The poem is an invitation to join the wise men on a pilgrimage that could change you forever.As we enter into the season of Advent, a time of preparation for Christ’s second coming, it sometimes takes an enormous act of will to tear ourselves from the Christmas shopping and party-going to do the hard work involved in getting “prepared.”
But to be prepared should be our object, as today’s Gospel reading (Matthew 24:37-44) reminds us, “for at at an hour you do not expect, the Son of Man will come.”
Why not start this Advent in the company of the wise men from T.S. Eliot’s 1935 poem “Journey of the Magi”?

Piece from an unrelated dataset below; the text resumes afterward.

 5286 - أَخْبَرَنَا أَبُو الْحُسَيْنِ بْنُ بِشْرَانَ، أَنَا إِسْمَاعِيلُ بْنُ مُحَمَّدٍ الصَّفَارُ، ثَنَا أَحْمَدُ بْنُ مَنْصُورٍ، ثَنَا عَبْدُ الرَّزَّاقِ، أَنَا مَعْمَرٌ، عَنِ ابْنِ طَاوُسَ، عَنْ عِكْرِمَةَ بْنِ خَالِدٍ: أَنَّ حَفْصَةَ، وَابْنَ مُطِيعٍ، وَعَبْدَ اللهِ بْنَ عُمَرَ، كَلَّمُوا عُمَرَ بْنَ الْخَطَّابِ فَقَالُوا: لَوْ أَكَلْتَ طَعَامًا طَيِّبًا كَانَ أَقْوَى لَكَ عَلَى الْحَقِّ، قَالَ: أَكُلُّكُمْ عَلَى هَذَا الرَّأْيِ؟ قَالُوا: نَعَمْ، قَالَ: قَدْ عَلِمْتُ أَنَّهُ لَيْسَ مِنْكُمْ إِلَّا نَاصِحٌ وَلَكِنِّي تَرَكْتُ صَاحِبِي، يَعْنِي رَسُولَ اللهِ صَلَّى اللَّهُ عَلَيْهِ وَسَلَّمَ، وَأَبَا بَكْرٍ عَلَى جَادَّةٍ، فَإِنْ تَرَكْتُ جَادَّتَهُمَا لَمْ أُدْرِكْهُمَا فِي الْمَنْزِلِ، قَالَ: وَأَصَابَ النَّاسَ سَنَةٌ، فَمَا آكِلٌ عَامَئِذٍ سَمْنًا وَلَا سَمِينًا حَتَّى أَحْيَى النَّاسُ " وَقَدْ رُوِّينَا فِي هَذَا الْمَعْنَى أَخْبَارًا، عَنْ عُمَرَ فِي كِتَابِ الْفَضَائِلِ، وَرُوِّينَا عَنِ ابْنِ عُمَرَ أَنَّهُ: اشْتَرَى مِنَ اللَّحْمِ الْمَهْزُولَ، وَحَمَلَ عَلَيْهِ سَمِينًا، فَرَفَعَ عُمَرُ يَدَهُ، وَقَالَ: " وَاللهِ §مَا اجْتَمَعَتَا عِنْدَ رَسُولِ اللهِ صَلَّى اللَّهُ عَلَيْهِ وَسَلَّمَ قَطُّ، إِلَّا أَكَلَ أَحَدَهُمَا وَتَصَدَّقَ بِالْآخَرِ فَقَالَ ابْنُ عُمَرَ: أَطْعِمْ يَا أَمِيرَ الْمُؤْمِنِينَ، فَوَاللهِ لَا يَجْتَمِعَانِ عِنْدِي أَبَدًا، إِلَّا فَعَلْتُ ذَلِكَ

Listen to the poet read aloud the story of a pilgrimage to see the Christ child, and the profound effect that journey had upon the traveler when he returned home.
Like us, as we begin Advent, the wise man who narrates the poem, starts his trip bellyaching about how hard the journey is….

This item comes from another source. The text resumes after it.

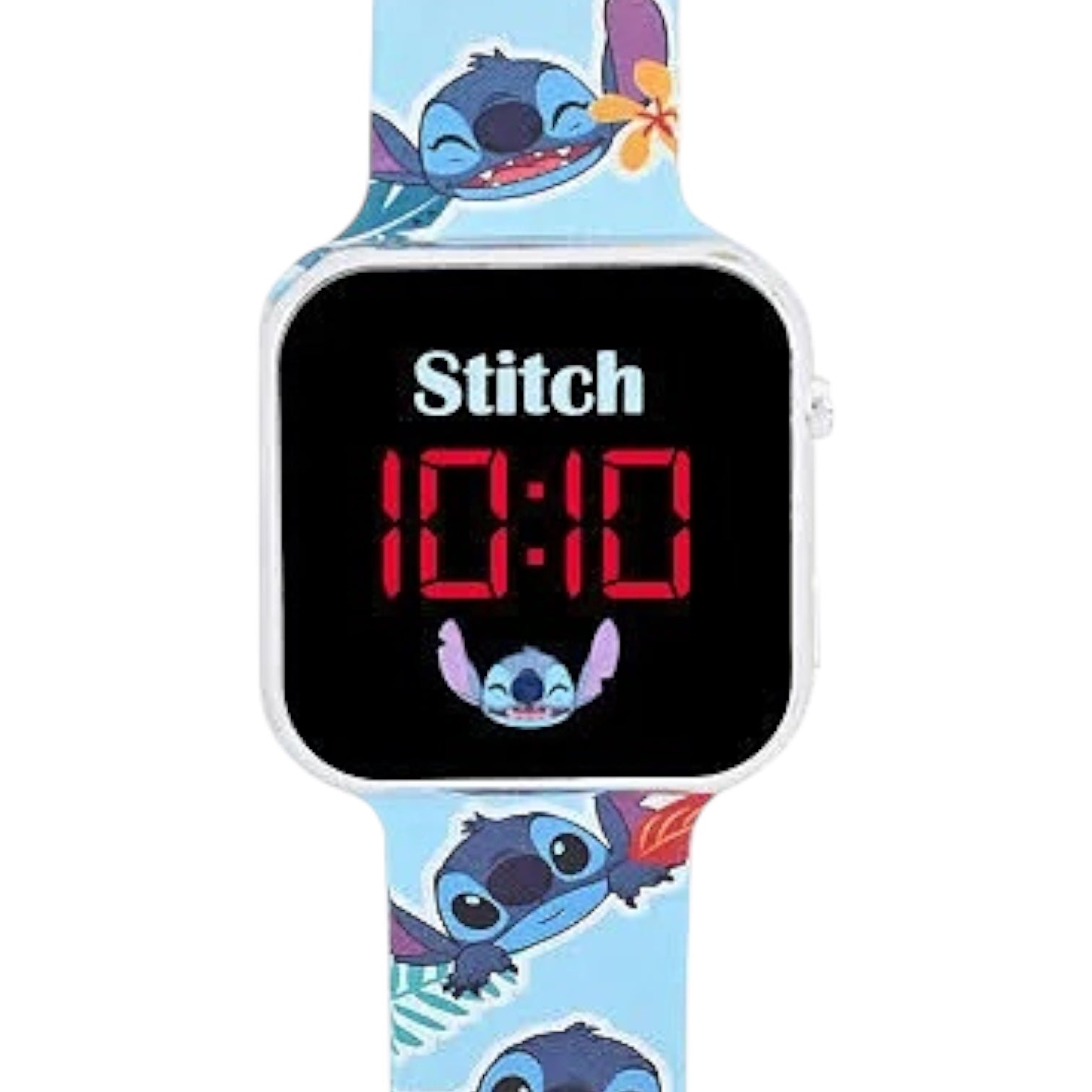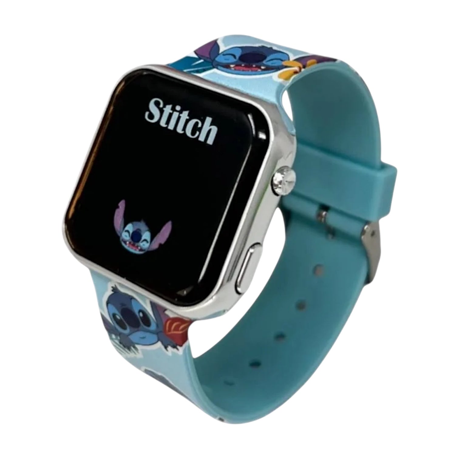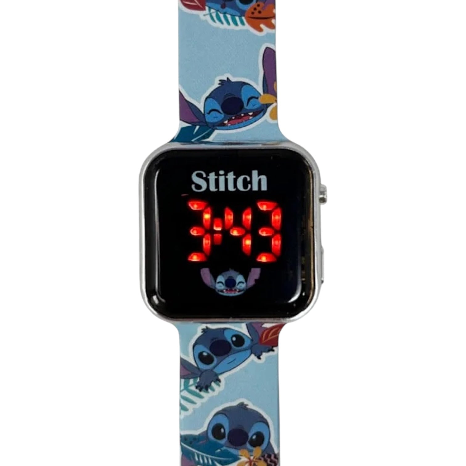 Orologio Led da bambini di Disney Stitch. Cassa in plastica silver delle dimensioni di 35 x 35 mm, quadrante digitale a sette segmenti, si attiva premendo il pulsante laterale, cinturino in silicone base azzurra con Stitch, chiusura fibbia in acciaio. Non è resistente all'acqua. Movimento digitale al quarzo.

A cold coming we had of it,
Just the worst time of the year
For a journey, and such a long journey:
The ways deep and the weather sharp,
The very dead of winter.’
…and pining for a bit of light-hearted fun.
There were times we regretted
The summer palaces on slopes, the terraces,
And the silken girls bringing sherbet.
For the magi, just as for the rest of us, having met the Christ, things would never be the same:
We returned to our places, these Kingdoms,
But no longer at ease here, in the old dispensation,
With an alien people clutching their gods.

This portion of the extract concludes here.